══ Task inputs ══
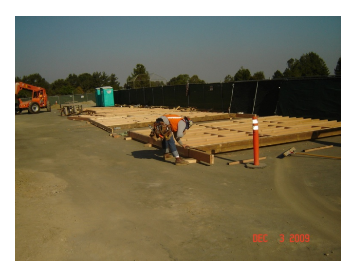
1. Exterior framing in progress.

Status : JRH Construction has continued to work on the following activities: Exterior rough carpentry is currently in progress. Interior demolition has been completed. The plywood flooring has been reattached to the Z-purlins. Drywall has been hung after blocking was installed.
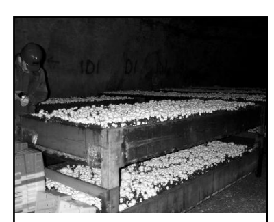
Fig. 3. Button mushrooms growing in limestone caves at Moonlight Mushrooms farm.

types, including other Lentinula, Flammulina, Pleurotus, Hypsizygus, Hericium, Morchella, and Grifola. Today, Pennsylvania leads the country in total annual production (>50%), with California a strong second. More than 20 other states now add significantly to total production. This means that mushrooms, which have limited shelf life and shipping range, are available everywhere!
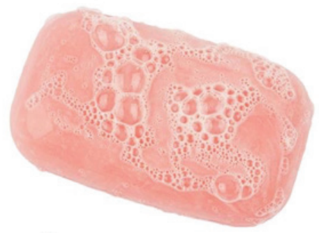
Én így szeretlek!

The phote on the Facebook profile "Háborús bűnös"
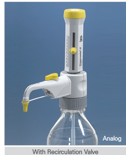
With Recirculation Valve
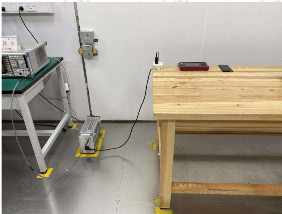
Conducted emission Test Setup
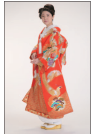
④Colorful wedding kimono : 5,000 yen

※With additional charge of 1,000 yen, you can have your picture taken by a professional photographer.
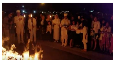
California Zoroastrian Center, Westminster, CA
═══
* _What the exercise asks_
Make an exact copy of the lines of the records from the line containing "Conducted emission Test Setup" through the final line, both ends included, but not of the pictures.

* _Solution_
Conducted emission Test Setup
④Colorful wedding kimono : 5,000 yen

※With additional charge of 1,000 yen, you can have your picture taken by a professional photographer.
California Zoroastrian Center, Westminster, CA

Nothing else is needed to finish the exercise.